Let us know what other content channels you'd like to receive as Podcasts and we'll get on it.

Read more about our learnings here → https://wondercraft.ai/blog/learnings-from-1-month-of-ai-pod...




This is really impressive. Is anyone else really freaked out by that? I'm having an uncanny-valley type feeling, because the audio is 99.9% convincing, and the only thing that gives it away is inconsistent, not-always-correct pronunciation. But I'm not picking at the technical details. I'm freaked out by how good it is, and how easily it could pass for some person reading a human-written podcast. I know speech generation has been getting progressively better, but I guess I haven't heard it in a while (compare to the stock TikTok voice, for example.) Coupled with an LLM, this is too close for comfort.


Thanks! Yeah the quality of this audio was what made us automate this process. With LLMs doing the leg work on the content curation as well, it's fairly straightforward. We built a UI around it on https://app.wondercraft.ai/ if you wanna check it out. The TTS engine used is elevenlabs btw.


It's good - but the even more crazy thing is that this can be done by a script kiddy in a few hours - not an expert who spends months or years trying to whittle at some part of the process as it was several years ago.


You're right that it's a script, but it does have some intricacies that require a lot of testing to get it right. Examples:

Using LLMS:

- formulate the right prompts for the intro and outro generation

- pass the content of a post in segments while maintaining history, as if you do in one go you will exceed token limit

- figure out how to integrate comments properly

- turn the summary into spoken format, not condensed written

Using TTS: - train the right voice, one that fits the content.
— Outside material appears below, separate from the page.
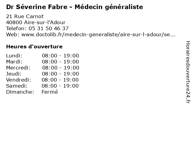 1 Pharmacie Bignon-Fabre (Distance: 15,06 km) . rue Principale, 32400 Viella bignon, fabre, homéopathie, médicaments, orthopédie, parapharmacie, pharmacie 2 Séverine Parassols - Infirmière (Distance: 42,75 km) 5 Rue Bernard de Clairvaux, 64000 Pau infirmier, infirmière, medecin, parassols, sante, severine, soins, séverine 3 Séverine Tardieu Architecte (Distance: 44,52 km) 26 Boulevard du Commandant Mouchotte, 64000 Bizanos architecte, conception, maquette, sarl, séverine, tardieu, travaux 4 Dr Annie-Claude Fabre - Médecin généraliste (Distance: 46,71 km) 37 Rue du Colonel Gloxin, 64000 Pau annie, claude, consultation, docteur, dr, dr., fabre, générale, généraliste, libre, médecin, médecine, santé 6 |

Not all voices of a TTS engine have the same characteristics.

- understand the bugs of the TTS engine. For example Elevenlabs that we're using (and its beyond amazing overall and the team fantastic), is struggling when given this "$2.5". It will read it out "dollar 2(long pause) 5".

- a few more things

Overall:

- Figure out how to connect all of the different segments, music intros, outros etc


It is still a kid's play and more importantly having a low barrier to get into this is scary as hell


Oh man, these edge cases are frustrating.
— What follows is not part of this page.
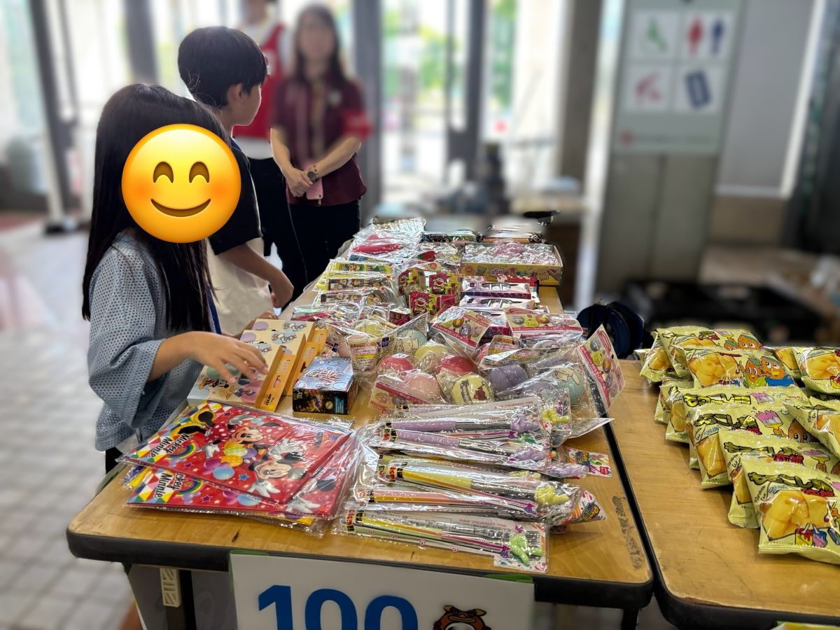お買い物体験では自分で稼いだ200シーサーを手に、好きなおもちゃやおかしを購入できます。合流したこどもたちは「あっちは50シーサーで、こっちが100シーサーで買えるものだよ」とお互いに教えあって、真剣な顔でどれにするか迷っています。

I ran into “it’s a 50…………50 chance”, apparently it reads a hyphen as (long pause) too.

I’m bullish on being able to give cues which are not read like Bark is doing. Their audio quality isn’t quite as polished as eleven labs, but it’s convincing / uncanny valley in other ways - laughs, throat clears, stutters, pauses


For me the intonation of words and the pauses between them seem quite off from natural speech as well.


It sounds like unnatural "podcast speech".
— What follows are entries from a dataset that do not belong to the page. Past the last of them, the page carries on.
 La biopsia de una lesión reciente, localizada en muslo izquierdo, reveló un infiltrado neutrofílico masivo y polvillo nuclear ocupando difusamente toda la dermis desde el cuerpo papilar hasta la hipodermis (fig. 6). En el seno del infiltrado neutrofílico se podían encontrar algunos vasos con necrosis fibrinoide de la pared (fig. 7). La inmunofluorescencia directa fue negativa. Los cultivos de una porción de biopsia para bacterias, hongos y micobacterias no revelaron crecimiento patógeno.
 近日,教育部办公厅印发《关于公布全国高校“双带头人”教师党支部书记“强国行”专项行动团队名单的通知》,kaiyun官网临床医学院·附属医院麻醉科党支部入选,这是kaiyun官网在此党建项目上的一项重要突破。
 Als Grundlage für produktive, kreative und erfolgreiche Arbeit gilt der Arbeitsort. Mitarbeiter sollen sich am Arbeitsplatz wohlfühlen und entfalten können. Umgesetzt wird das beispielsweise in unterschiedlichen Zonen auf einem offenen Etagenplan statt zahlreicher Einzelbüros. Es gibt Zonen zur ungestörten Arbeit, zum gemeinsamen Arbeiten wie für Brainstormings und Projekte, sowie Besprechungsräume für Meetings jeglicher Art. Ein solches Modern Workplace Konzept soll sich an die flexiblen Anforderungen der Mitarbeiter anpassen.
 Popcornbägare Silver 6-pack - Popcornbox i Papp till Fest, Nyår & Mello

As a non-native speaker, I very much prefer this more steady voice than the unbelievably fake intonation a lot of American podcasters/YouTubers use when reading from a script.

Mark Rober comes to mind as having a particularly unnatural and annoying cadence, intonation and pitch shifting during sentences.


It does. It's irritatingly stilted in exactly the same way as The Daily.


> Music enhances the experience: Simply put, music makes everything better

Actually, some think the radical opposite.

Music is put everywhere "in some territories", but some people refuse radically to try and focus on content while other stimula are present. Some people find it distracting and senseless.

(In fact, some of us consider the use of ML to remove it from content that bewilderingly decided that you should "be helped to feel" during the fruition of intellectual material like documentaries.)


if I’m watching something for the emotional impact and experience - i.e. drama - then music is absolutely welcome. if I’m watching it because I want to learn about something and make my own opinions - i.e. documentaries - I can’t stand music as I feel like I’m being emotionally manipulated

then there are the absolute best dramas that do not need music to have an emotional impact and on the flip side the absolute worst documentaries that do to be of interest


> Some people find it distracting and senseless.

And some people who prefer music OR no music, depending on the moment and mindset, are ... The same person!


Interesting! I'm working in video and qm very interested by this. Would you have somewhere to point me towards to learn more?


Wonderful!

I have a similar project idea in mind but for a different audience.

Purpose: learning a new language (kid and beginner friendly)

Idea:

- Take a reliable publisher of news stories in target language. (either text or audio)

- Grab top three headlines daily.

- Translate the headlines into English.

- Create an audio with headlines in both languages alternately.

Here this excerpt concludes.